La Iglesia de Jesucristo tiene una larga historia de inclusión musical. Jarrett afirma: «Siempre ha existido una cultura musical». A medida que otras religiones comenzaron a llegar al valle tras el asentamiento inicial, descubrieron que su música era aceptada y apreciada por los santos. Se desarrolló una ética de compartir la música entre las diversas religiones, y el Coro del Tabernáculo a menudo recurría al repertorio musical de otras religiones cristianas.
Michael Hicks, profesor de música de la Universidad Brigham Young, escribe: "Sobre todo, la gran abundancia de música en la Iglesia revela cuán incansables son los impulsos estéticos de sus miembros. Ya sea que surja o no un estilo distintivo de los Santos de los Últimos Días, la música de“Sin duda, muchos estilos seguirán inspirando a los Saints”.
Fue entonces cuando me di cuenta de un evidente descuido por mi parte. Las culturas no son fijas ni estáticas, sino fluidas y dinámicas. Cuando una colinda con otra, interactúan, se influyen y se mezclan.
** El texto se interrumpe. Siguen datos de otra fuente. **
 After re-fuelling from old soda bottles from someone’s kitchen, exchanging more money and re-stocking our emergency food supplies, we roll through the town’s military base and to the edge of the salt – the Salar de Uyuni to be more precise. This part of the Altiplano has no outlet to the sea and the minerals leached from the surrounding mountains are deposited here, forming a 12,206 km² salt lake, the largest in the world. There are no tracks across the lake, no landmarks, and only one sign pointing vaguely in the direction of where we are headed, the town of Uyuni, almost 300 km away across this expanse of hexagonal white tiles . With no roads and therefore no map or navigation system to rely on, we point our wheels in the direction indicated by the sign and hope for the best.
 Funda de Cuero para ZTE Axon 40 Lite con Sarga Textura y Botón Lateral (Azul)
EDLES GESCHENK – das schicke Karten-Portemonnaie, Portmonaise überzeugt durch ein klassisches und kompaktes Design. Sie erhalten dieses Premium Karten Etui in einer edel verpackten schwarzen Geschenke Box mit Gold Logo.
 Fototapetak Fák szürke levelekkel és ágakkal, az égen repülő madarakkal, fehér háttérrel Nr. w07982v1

Volviendo a dirigir nuestra conversación al Coro, le pregunto a Jarrett sobre las relaciones que se forjan entre los intérpretes del Coro del Tabernáculo de la Manzana del Templo. Me habla de la solidaridad y la buena voluntad que hay en el grupo. La exigencia de audicionar para el coro y la gran cantidad de compromisos posteriores pueden generar tensión en sus miembros. Además, todos son voluntarios y no reciben remuneración. A menudo se apoyan mutuamente, coordinando recursos cuando es necesario, actuando como un solo grupo. Se percibe una mentalidad de comunidad, similar a la que se encuentra en la comunidad de los Santos de los Últimos Días en general.
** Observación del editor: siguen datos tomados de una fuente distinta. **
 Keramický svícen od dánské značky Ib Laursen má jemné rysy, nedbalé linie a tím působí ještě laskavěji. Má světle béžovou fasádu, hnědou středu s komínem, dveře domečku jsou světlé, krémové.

Fue entonces cuando me di cuenta de un evidente descuido por mi parte. Las culturas no son fijas ni estáticas, sino fluidas y dinámicas. Cuando una se relaciona con otra, interactúan, se influyen y se fusionan. El distintivo sentido de aceptación, aliento y apoyo que veo entretejido en la escena musical de Salt Lake City refleja los mismos atributos que son parte integral de la comunidad de los Santos de los Últimos Días, tanto musical como culturalmente. Este coro, y la cultura en general, establecieron un tono musical comunitario en el siglo XIX que influye en la comunidad musical unida y solidaria que impregna Salt Lake City, y el Wasatch Front en general, dos siglos después.
Jarrett resume el propósito del Coro en su componente más simple: «Es la alegría que se encuentra al crear o escuchar buena música. De eso se trata». Una actitud tan arraigada como el espíritu de comunidad que se encuentra en el Valle del Lago Salado.
La sal del sonido: Música en vivo en Salt Lake City
Descubre la escena musical en vivo durante tu visita a Utah. Los numerosos locales de Salt Lake City ofrecen algo para todos los amantes de la música. No te pierdas Salt of Sound para descubrirlo.